生活者やメディアを取り巻く環境はめまぐるしく変化してきました。
人口減少、一世帯あたりの人数の減少による世帯視聴率の低下。特に若年層の視聴率の低下は、ソーシャル視聴やタイムシフト視聴などの新しい視聴スタイルの台頭を示唆します。
視聴スタイルの変化に伴い、我々の広告ビジネスもまた大きく変わりつつあります。
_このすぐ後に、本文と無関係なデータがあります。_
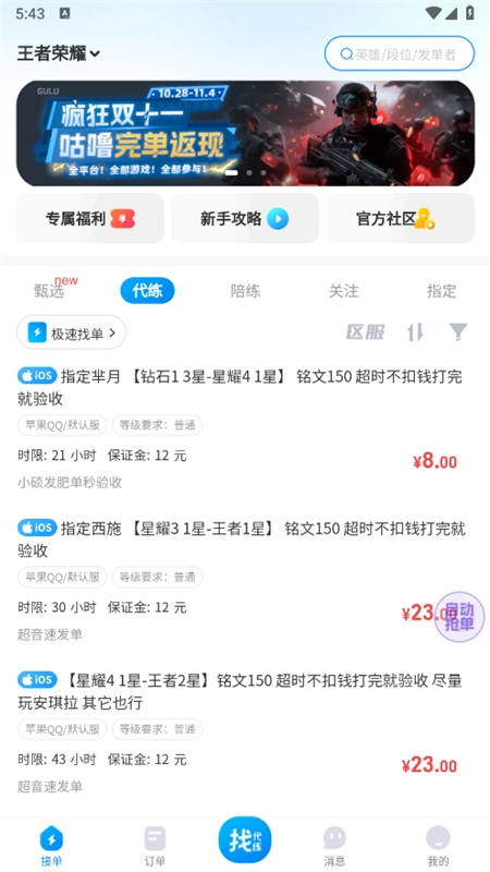 海量订单:咕噜代练平台拥有海量高价订单,供代练和陪练选择。这确保了代练和陪练有足够的订单来源和收入保障。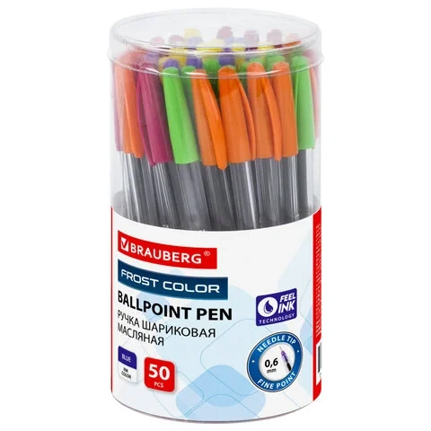 Ручка шариковая масляная BRAUBERG 'Frost Color', СИНЯЯ, ассорти, узел 0,6 мм, линия письма 0,3 мм, 1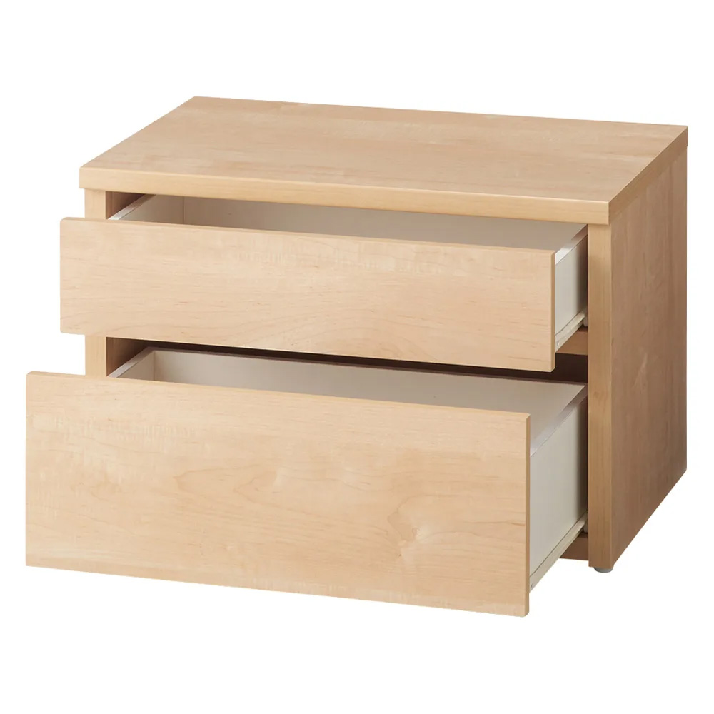 (ア)ナチュラル 引き出しは全段スライドレール付き。最大まで引出しても引き出しが抜け落ちません。

マルチスクリーン環境におかれた生活者のメディア接触実態に即した、テレビCMとPC・スマートフォンなどのオンライン動画広告をかけ合わせた商品・サービスの開発など、テレビだけに限らないさまざまな施策にチャレンジしています。
テレビ周辺だけでの変化を捉えても、さらなるデジタル化、ハイブリッドキャスト、タイムシフト視聴、4K・8K放送、キャッチアップサービスの本格化、Netflixの進出、AndroidTVなど、様々なデバイス、サービスが次から次へと世に送り出されています。
リアルタイムに家庭で家族とチャンネルを奪い合いながら視聴していた時代から、「時間」「場所」「画面」を超えて視聴形態は多様化し、テレビとテレビ番組コンテンツはこれまでの概念や指標では捉えられなくなりました。テレビ画面以外でテレビコンテンツを視聴するスタイルがスタンダードになってきているといえるでしょう。
この視聴スタイルの多様化は、居間でリアルタイムに視聴することを前提とする視聴データを軸としていては、もはや番組コンテンツの真の価値が把握しにくい時代であることを意味し、企業のテレビのコンテンツ価値や広告メディアとしての価値を維持するには、一つの考え方として新たな指標の検討や業界全体のルール再構築が必要であるともいえます。
また、インターネットを通じたテレビコンテンツ視聴も徐々に普及していく中、可能な限りインターネット動画市場との距離をバランスよく保ち、テレビ市場に近い投資価値を維持できるかも大きなポイントとなるでしょう。
無料ないしは固定料金での視聴は、生活者にとっては魅力的ではあります。しかし言うまでもなく、テレビ番組に限らずコンテンツはタダでは創れません。限定的な予算で最高のコンテンツを創ることは、プロである我々制作者サイドの使命です。
あくまで一般論としてですが予算はより大きいほうがアイデアや夢は確実に広がるし、より多様な領域のプロを巻き込める分、生活者により興味深いコンテンツを提供できる可能性が広がるという側面もあります。